InferJoinColumnsToBlockRule performs this enrichment.
Example
// find the sum of unit_price * quantity for orders
// order by sum and limit result to first row
// join with employees and return last_name, first_name and phone number
WITH sales AS (
FIND orders o, o-order_details d
FILTER sum(d.unit_price * d.quantity) sum DESC
LIMIT 1
)
FIND employees e, e-sales s
FETCH e.last_name, e.first_name, e.home_phone
The sales query block is linked to employees.
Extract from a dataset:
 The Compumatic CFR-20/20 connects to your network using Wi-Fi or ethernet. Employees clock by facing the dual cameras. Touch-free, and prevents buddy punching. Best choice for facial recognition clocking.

Therefore, the join column o.employee_id must be added automatically to the block.
Expected SQL
WITH sales AS (
SELECT
sum(d.unit_price * d.quantity) AS sum
, o.employee_id
FROM
orders o
INNER JOIN order_details d ON
o.order_id = d.order_id
GROUP BY
o.employee_id
ORDER BY
sum DESC
FETCH FIRST 1 ROWS ONLY
)
SELECT
e.last_name
, e.first_name
, e.home_phone
FROM
employees e
INNER JOIN sales s ON
e.employee_id = s.employee_id
Without automatic inference of the join column, the JOIN condition in the outer query would be invalid.
Summary
The intermediate model enables deterministic, rule-based SQL generation. All transformation rules operate on the structured object representation of the KQL query to ensure:
- Preservation of join semantics
- Correct aggregate handling
- Valid SQL clause placement
- Proper grouping and ordering
- Automatic join column inference for query blocks
This layered approach ensures that generated SQL remains syntactically valid and semantically consistent with the original KQL intent.